### Problem statement
Exactly as they appear, retype the lines from the one containing "水院另一侧,是全落地玻璃分割的无界恒温泳池与多功能健身房。" through the final line of the data below. Leave pictures out.
Start of The data
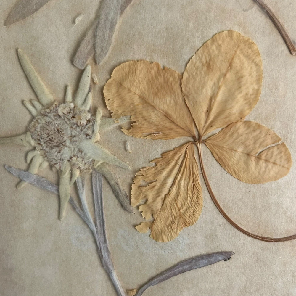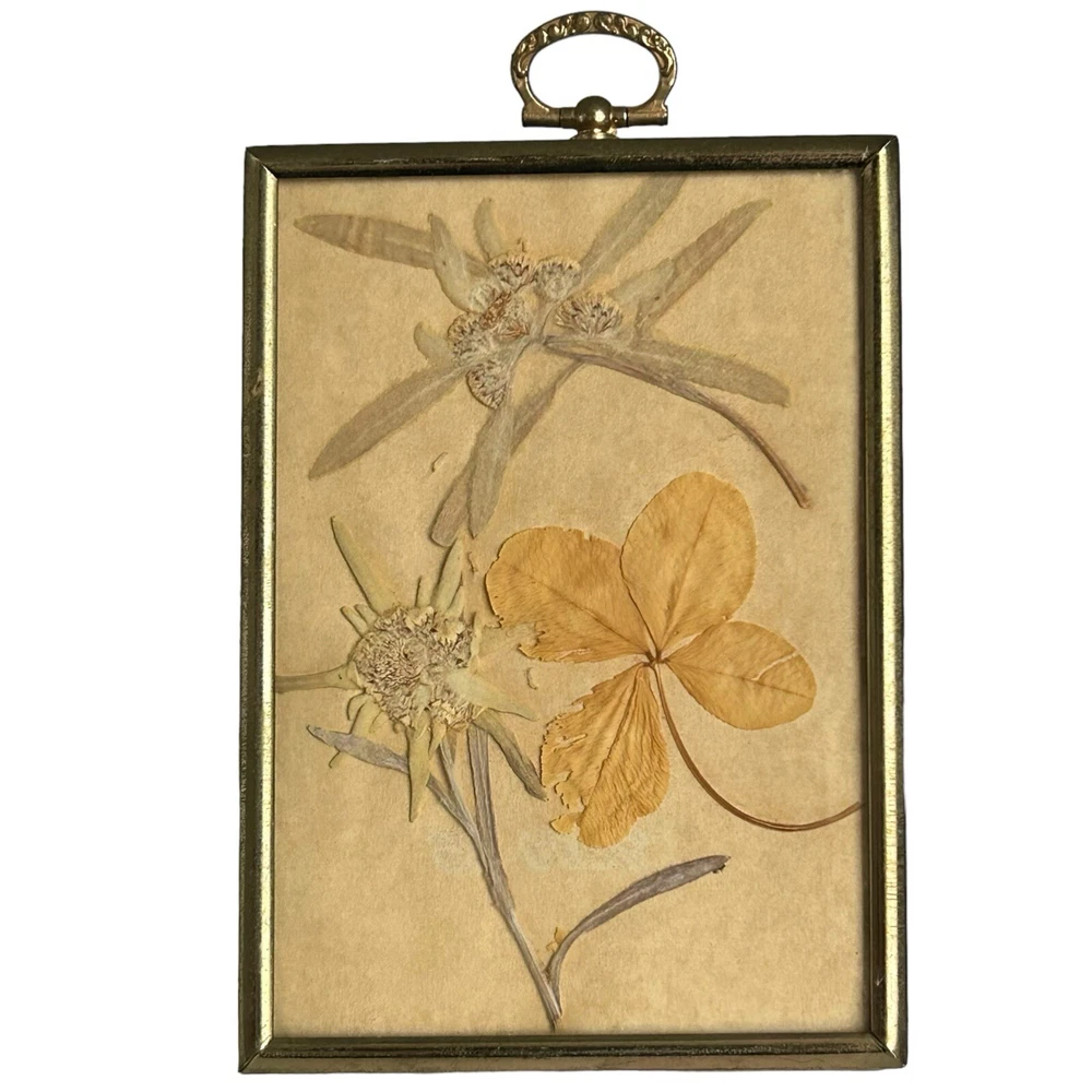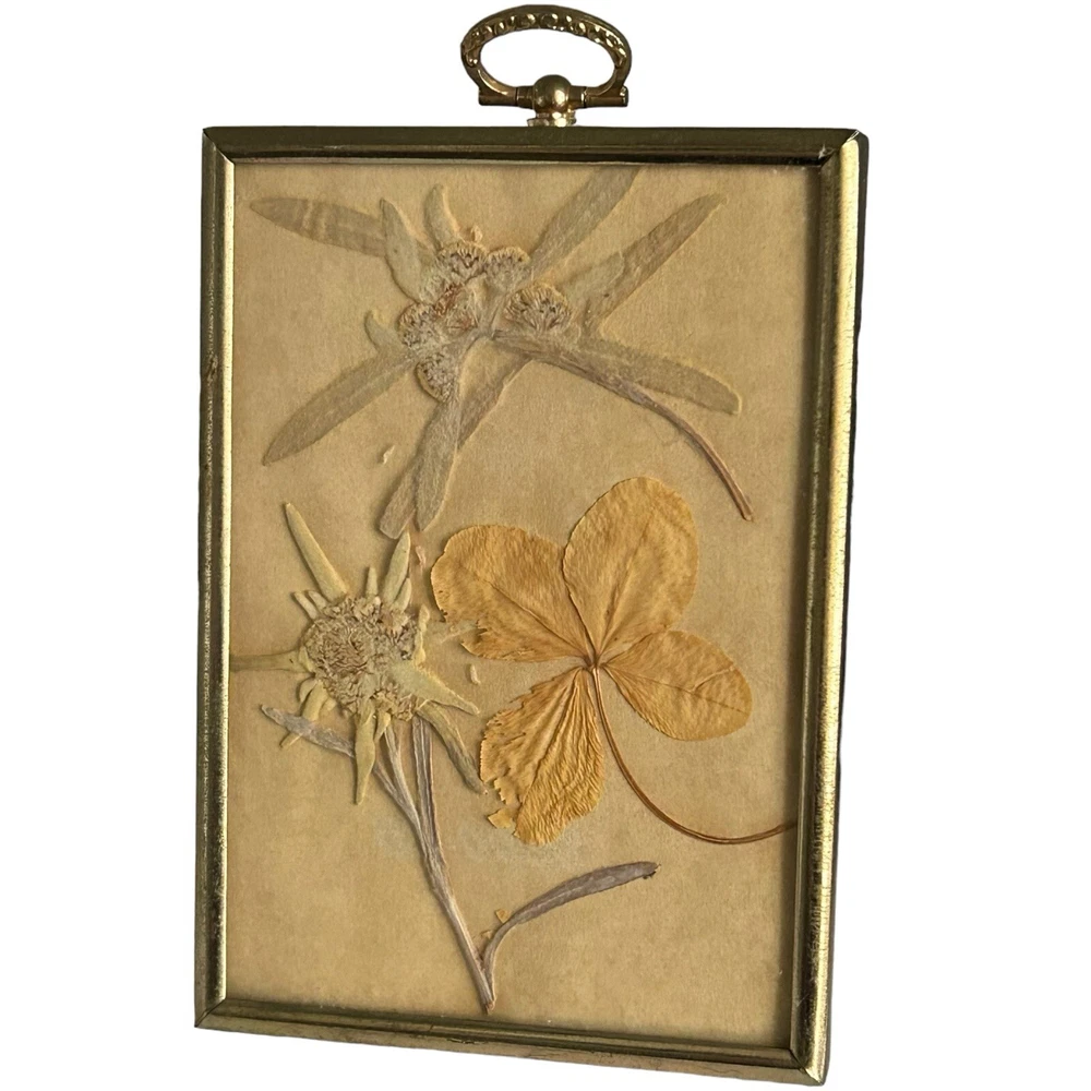 Vintage Framed Pressed Edelweiss Flowers & Four Leaf Clover Art Symbolic for True Love, bravery, strength and sacrifice. The edelweiss flower grows in the Alps and comes with a long list of historic & folkloric significance. In 1861, author Berthold Auerbach narrated a story of a brave young man who risks his life to collect this rare flower for his lover as an act of true love. In WW1, the edelweiss was granted to the German alpine troops for their bravery. In WW2 an edelweiss flower was worn on the sleeve and caps of the mountain infantry troops. Another interesting tidbit is the superstitious belief that burning the flower as incense will rid all evil spirits from your home. Four leaf clovers are considered a rare mutation that occurs approximately 1 in every 10,000 which is why they’re considered lucky. Minor surface scratches and some tarnishing may be present to the frame due to preowned condition. No chipping or fractures to the glass. Please see pictures as part of full description and measurements.
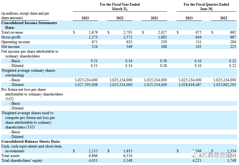 根据招股说明书披露信息,2021财年至2023财年,Arm年收入分别为20.27亿美元、27.03亿美元、26.79亿美元;净利润分别为3.88亿美元、5.49亿美元、5.24亿美元。自成立以来,Arm芯片出货量累计超过2500亿颗,拥有超过1500万名软件开发者。
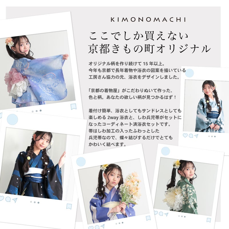 2026年新作浴衣 ワンピースとして着てもかわいい!コーデ済みの浴衣と帯の子供浴衣セット 浴衣 子供 女の子 セパレート ワンピース 子供浴衣セット(サンドレス+上着+帯)「貝殻・アガパンサス・ゆらぎ金魚・天の川」120cm/130cm/140cm/150cm KIMONOMACHIオリジナル 花火大会 夏祭り 夕涼み キッズ ジュニア こども【メール便不可】
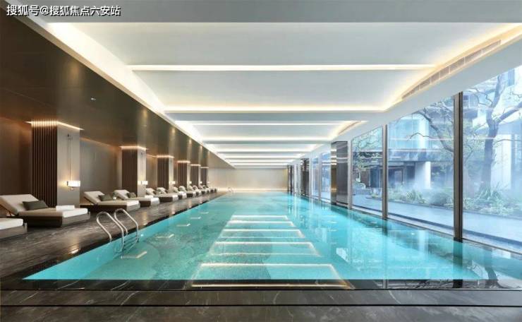 水院另一侧,是全落地玻璃分割的无界恒温泳池与多功能健身房。
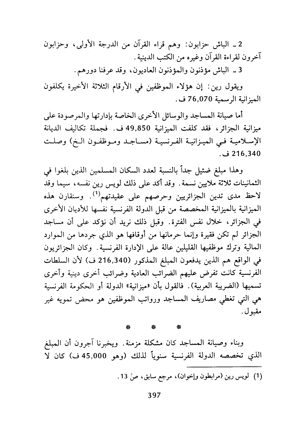 أما صيانة المساجد والوسائل الأخرى الخاصة بإدارتها والمرصودة على ميزانية الجزائر، فقد كلفت الميزانية 49، 850 ف، فجملة تكاليف الديانة الإسلامية في الميزانية الفرنسية (مساجد وموظفون الخ) وصلت 216، 340 ف.
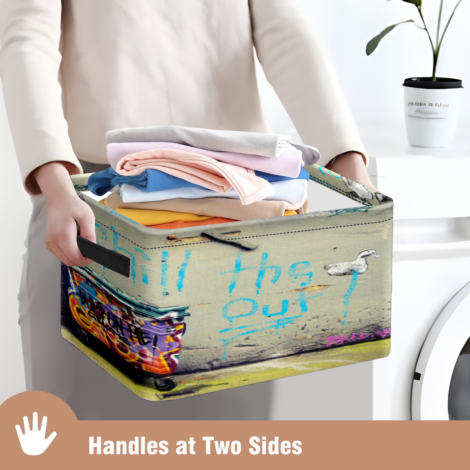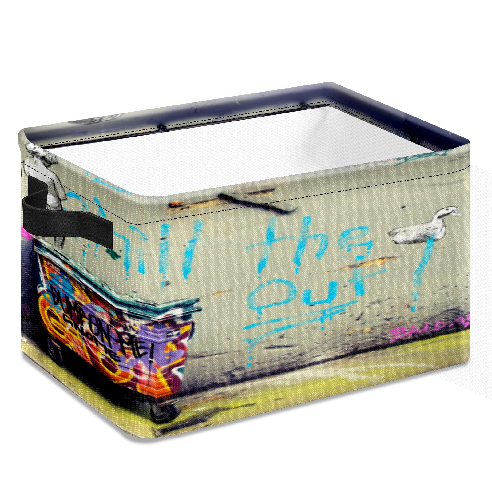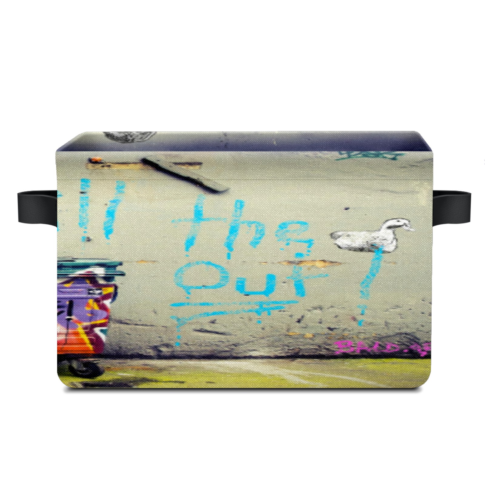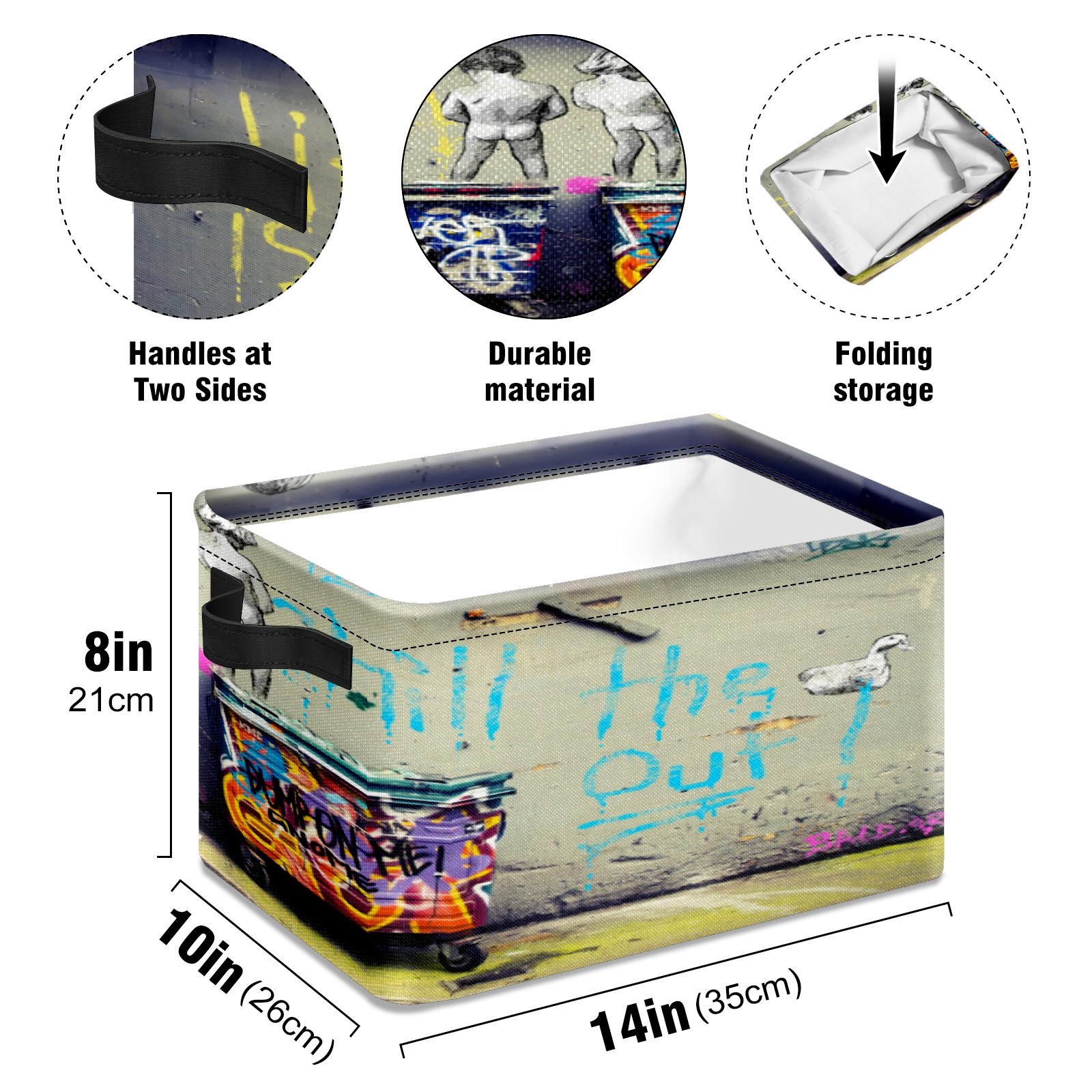 Collapsible 600D Oxford Storage Basket with Banksy Stree Art - Metal Frame 10"x14"x8" Reinforced Handles, Multi-Purpose Organizer
End of The data
### Response below
 水院另一侧,是全落地玻璃分割的无界恒温泳池与多功能健身房。
 أما صيانة المساجد والوسائل الأخرى الخاصة بإدارتها والمرصودة على ميزانية الجزائر، فقد كلفت الميزانية 49، 850 ف، فجملة تكاليف الديانة الإسلامية في الميزانية الفرنسية (مساجد وموظفون الخ) وصلت 216، 340 ف.
 Collapsible 600D Oxford Storage Basket with Banksy Stree Art - Metal Frame 10"x14"x8" Reinforced Handles, Multi-Purpose Organizer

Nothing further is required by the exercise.